Hierarchical clustering#
set_seed(seed=42)
plt.figure(figsize=(20, 15))
Z_hrch = ward(Z_faces)
dendrogram(Z_hrch, p=7, truncate_mode="level", no_labels=True)
plt.xlabel("Sample index")
plt.ylabel("Cluster distance");
cluster_labels = fcluster(Z_hrch, 30, criterion="maxclust") # let's get flat clusters
#hand_picked_clusters = np.arange(2, 30)
hand_picked_clusters = [2, 3, 5, 6,7, 8, 9, 10, 12, 14,15,16,17,19,20, 21,22, 24, 26, 27, 28]
print_hierarchical_clusters(
faces_inputs, Z_faces, cluster_labels, hand_picked_clusters
)
/Users/kvarada/CS/2023-24/330/cpsc330-2023W1/lectures/code/plotting_functions_unsup.py:1490: RuntimeWarning:
More than 20 figures have been opened.
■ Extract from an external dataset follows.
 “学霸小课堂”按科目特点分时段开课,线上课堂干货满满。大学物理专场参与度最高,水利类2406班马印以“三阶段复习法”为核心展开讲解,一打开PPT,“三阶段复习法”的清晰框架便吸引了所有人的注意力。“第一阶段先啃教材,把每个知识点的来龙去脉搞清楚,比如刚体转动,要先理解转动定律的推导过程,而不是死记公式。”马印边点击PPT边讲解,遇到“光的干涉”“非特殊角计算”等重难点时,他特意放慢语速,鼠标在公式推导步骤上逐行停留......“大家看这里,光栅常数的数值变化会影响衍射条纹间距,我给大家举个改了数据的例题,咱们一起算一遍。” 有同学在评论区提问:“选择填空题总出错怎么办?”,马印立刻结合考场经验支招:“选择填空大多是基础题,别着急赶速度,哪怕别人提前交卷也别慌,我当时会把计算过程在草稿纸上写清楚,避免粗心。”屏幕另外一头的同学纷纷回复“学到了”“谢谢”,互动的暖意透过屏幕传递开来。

Figures created through the pyplot interface (`matplotlib.pyplot.figure`) are retained until explicitly closed and may consume too much memory. (To control this warning, see the rcParam `figure.max_open_warning`). Consider using `matplotlib.pyplot.close()`.
Some clusters correspond to people with distinct faces, age, facial expressions, hair colour and hair style, lighting and skin tone.